Give the number of lines in this listing that contain "avec", with no other words.

____ Task material

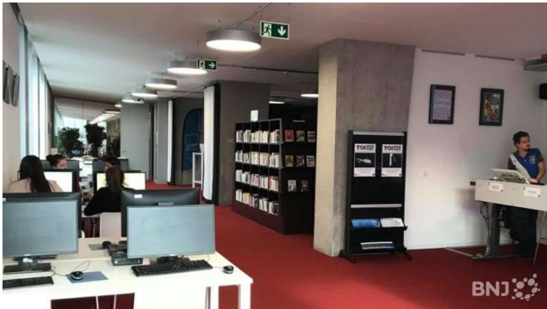
Le nouvel espace de travail du CPLN, le "Carré bleu".

Le Centre professionnel du Littoral neuchâtelois à Neuchâtel a officiellement inauguré son « Espace culture et technologies » lundi. Celui-ci a pris la place de l'ancienne médiathèque et vise à répondre à de nouveaux défis pédagogiques
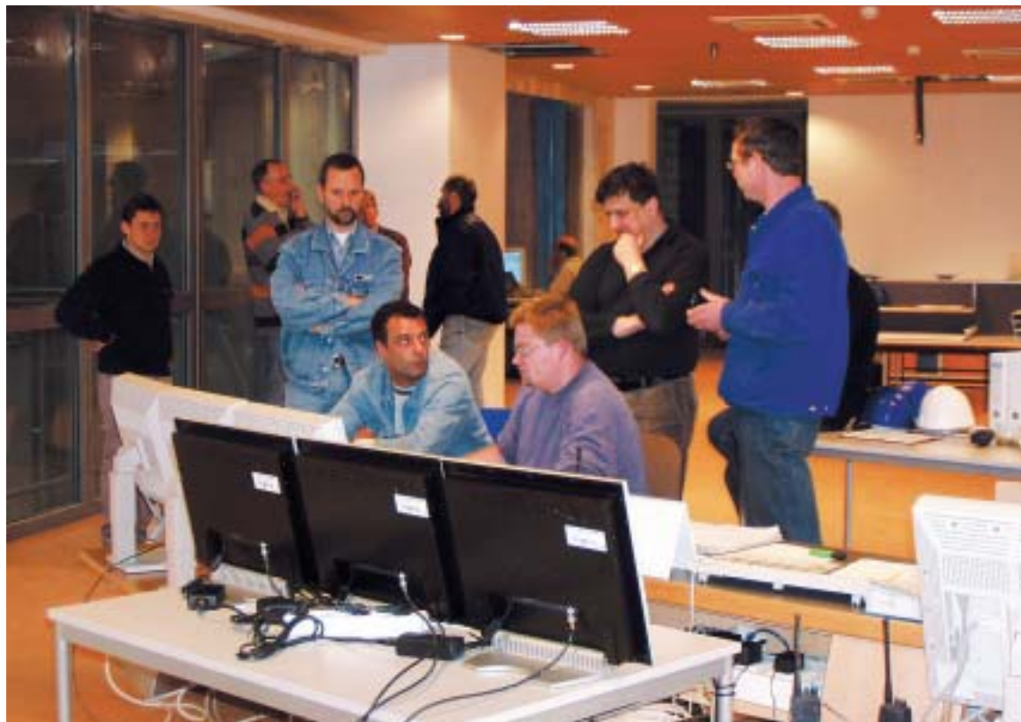
Auch Profi-Techniker zeigen manchmal Gefühle: Gespannte Gesichter beim Anfahren der AVN-Anlage mit dem ersten Müll.
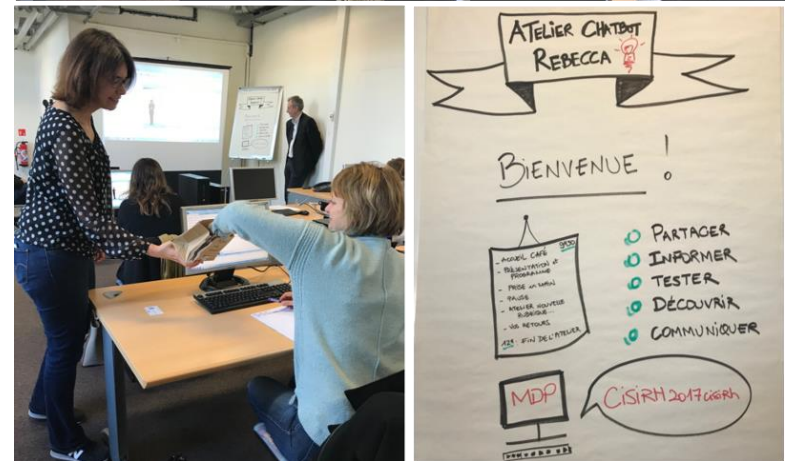
Atelier utilisateurs « Rebecca »
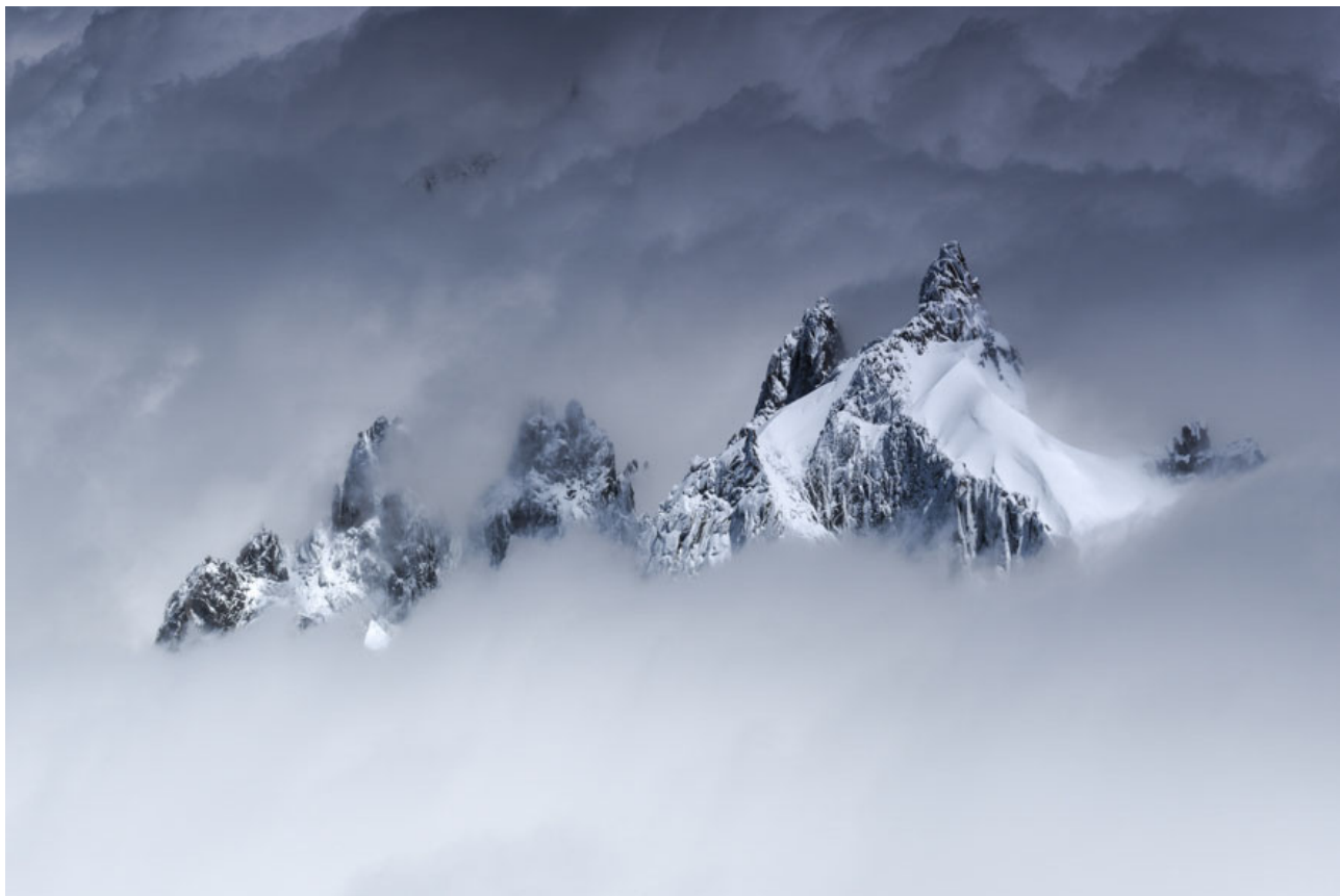
Cuando todo parecía perdido... Mont Blanc
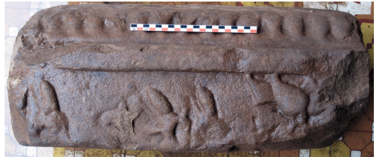
Figure 3. — Relief II. Rencontre avec Jaṭāyus, x e -xi e siècle, Khương Mỹ (Quảng Nam, Vietnam). Grès, env. 55 × 22 cm. Réserve du site.

Une distinction forte est attestée à la fois dans le relief et dans l'épopée écrite entre le ṛṣi, figuré au centre du groupe de gauche, et ses disciples. L'un d'entre eux joue d'ailleurs le rôle d'intermédiaire entre les héros et le saint homme en annonçant leur arrivée et en les introduisant auprès de son maître 30 . Sa position d'intermédiaire serait astucieusement reflétée par la gestuelle de l'ascète se tenant au plus près du groupe assis. Ce dernier incline la tête dans leur direction, tandis que les deux autres religieux sont encore en conversation. Les rapports de pouvoir matérialisés dans cette composition sont en effet complexes et soulignent l'interdépendance canonique entre brahmanes et kṣatriya . Ainsi, le respect témoigné par les deux groupes est réciproque et le service que Rāma doit aux ascètes est clairement rappelé dans le texte. Le rappel de son statut va de pair avec les devoirs qui lui incombent en tant que « souverain universel ».

________

Result of this task: 2